Background: CMS were associated with prognostic relevance in RAS WT mCRC, while their role as predictive biomarker is debatable. We aimed to assess the predictive impact of CMS on treatment with anti-EGFR vs. anti-VEGF antibodies vs. cytotoxic treatment alone in a pooled analysis. Methods: Available CMS data (called by predictedCMS method) of the randomized controlled trials FIRE-1 (FUFIRI vs. mIrOx); FIRE-3 (FOLFIRI+ cetuximab vs. bevacizumab), XELAVIRI (sequential vs. initially combined FOLFIRI+bevacizumab) and PanaMa (FOLFOX+panitumumab followed by FU/FA +/- panitumumab) of RAS WT mCRC were included. Non-evaluable CMS were excluded.
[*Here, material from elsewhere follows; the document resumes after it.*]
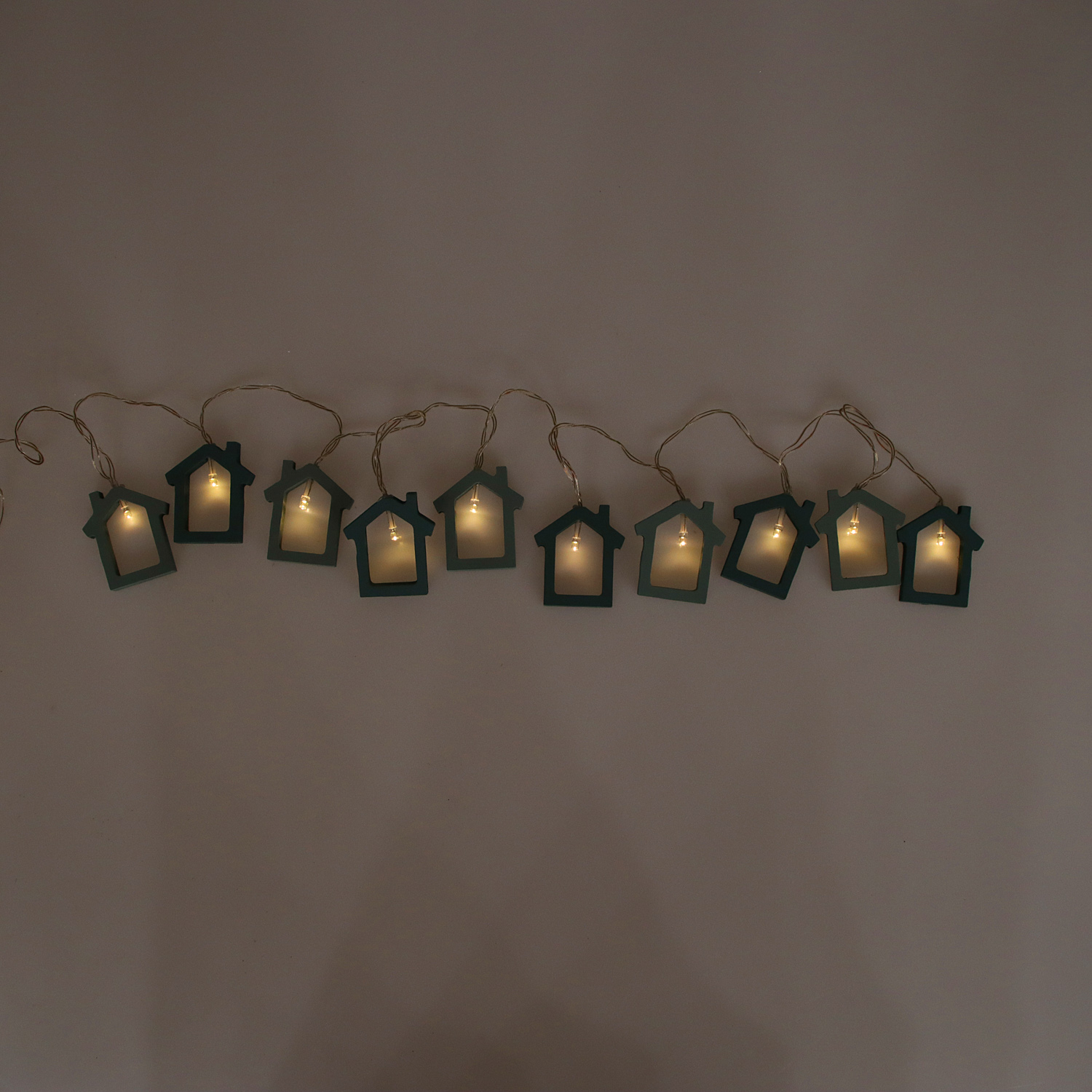 Гирлянда НИТЬ, 1.5 м, с насадк. "Дом синий", Н.С., LED-10-3V, 2*АА (не в компл), фиксинг, Т/БЕЛЫЙ

Kaplan-Meier estimated overall survival (OS) and progression-free survival (PFS). Uni- and multivariate Cox regression analysis (including all baseline characteristics) was used to calculate hazard ratio (HR) and 95% confidence interval (95% CI). Results: 1147 tumors had available CMS data and 746 (65.0%) were RAS wild-type (WT): CMS1, n=89; CMS2, n=346; CMS3, n=71; CMS4, n=240. CMS were significant prognostic biomarkers in terms of PFS (median months, CMS1, 6.7; CMS2, 11.1; CMS3, 8.1; CMS4, 10.0, P<0.001) and OS (median months: CMS1, 14.8; CMS2, 28.7; CMS3, 19.5; CMS4, 26.5; P<0.001). CMS remained significant in a multivariate backward elimination Cox regression analysis including all baseline characteristic variables and BRAF status with regard to PFS (P=0.03) and OS (P=0.04) Interaction of CMS and treatment was significant regarding OS (P<0.001) and PFS (P=0.001). The longest OS was observed using anti-VEGF antibodies in CMS1 and anti-EGFR antibodies in CMS2 or CMS4 RAS WT tumors (Table). Conclusions: CMS were confirmed as prognostic biomarkers and might contain predictive information for the choice of anti-EGFR or anti-VEGF antibodies in RAS WT mCRC. Prospective validation remains mandatory.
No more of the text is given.